Who said the odds were insurmountable?
Fred Hoyle and N. Chandra Wickramasinghe, calculated that there is less than 1 chance in 10 to the 40,000power that life could have originated by random trials.
"...life cannot have had a random beginning...The trouble is that there are about two thousand enzymes, and the chance of obtaining them all in a random trial is only one part in 10 to the 40,000power, an outrageously small probability that could not be faced even if the whole universe consisted of organic soup. If one is not prejudiced either by social beliefs or by a scientific
training into the conviction that life originated on the Earth, this simple calculation wipes the idea entirely out of court....The enormous information content of even the simplest living systems...cannot in our view be generated by what are often called "natural" processes...For life to have originated on the Earth it would be necessary that quite explicit instruction should have been provided for its assembly...There is no way in which we can expect to avoid the need for information, no way in which we can simply get by with a bigger and better organic soup, as we ourselves hoped might be possible a year or two ago."

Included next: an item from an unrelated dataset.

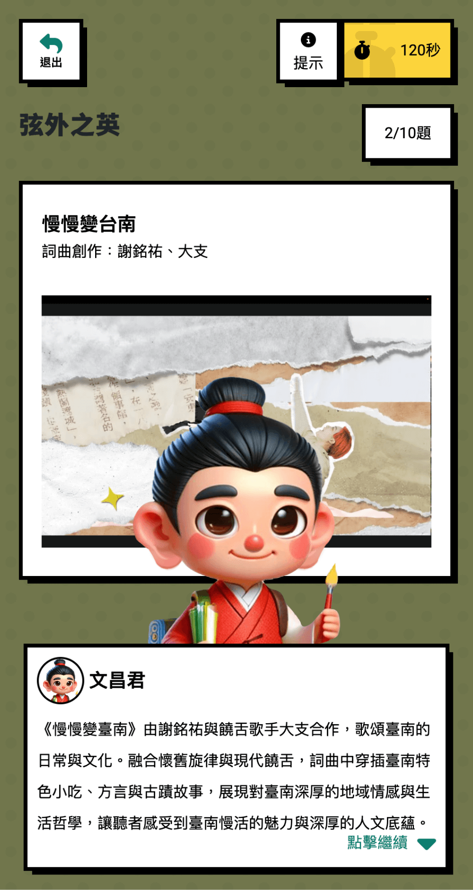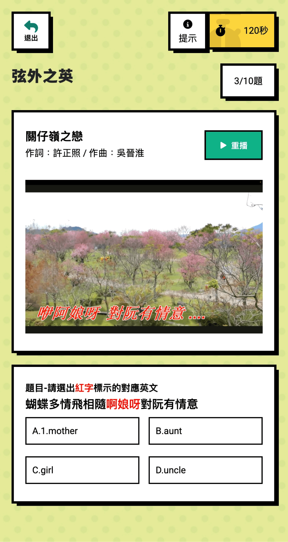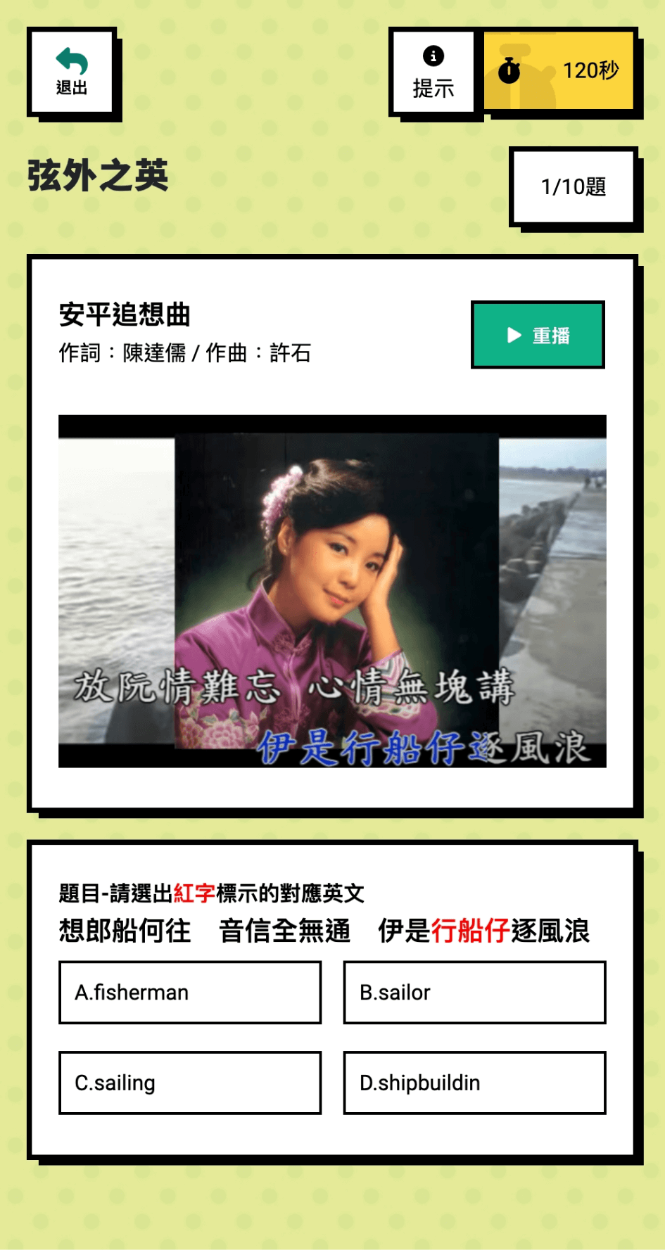 Listen to songs with a Taiwan flavor and challenge yourself to find the correct meaning from the lyrics.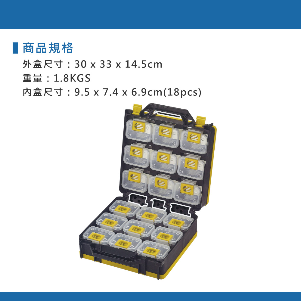 品 名:多功能18格零件盒(強化型)重 量:1.8kgs外盒尺寸:30x14.5x33cm內盒尺寸:9.5x7.4x6.9cm內 附:小收納盒 18個、自黏標籤、背帶1條

Fred Hoyle and N. Chandra Wickramasinghe,
Evolution from Space [Aldine House, 33 Welbeck
Street, London W1M 8LX:
J.M. Dent & Sons, 1981), p. 148, 24,150,30,31).
Obviously "it happened". We are here, plants are here, microbes are here, all life is here. HOW it happened is not explained by stating some hypothesis and then when that hypothesis is shown to be outside the odds of probability, backing your hypothesis by stating "and yet it happened".
In fact your statement is as hollow that it could be used by anyone to back their "theory" as for the existence of anything.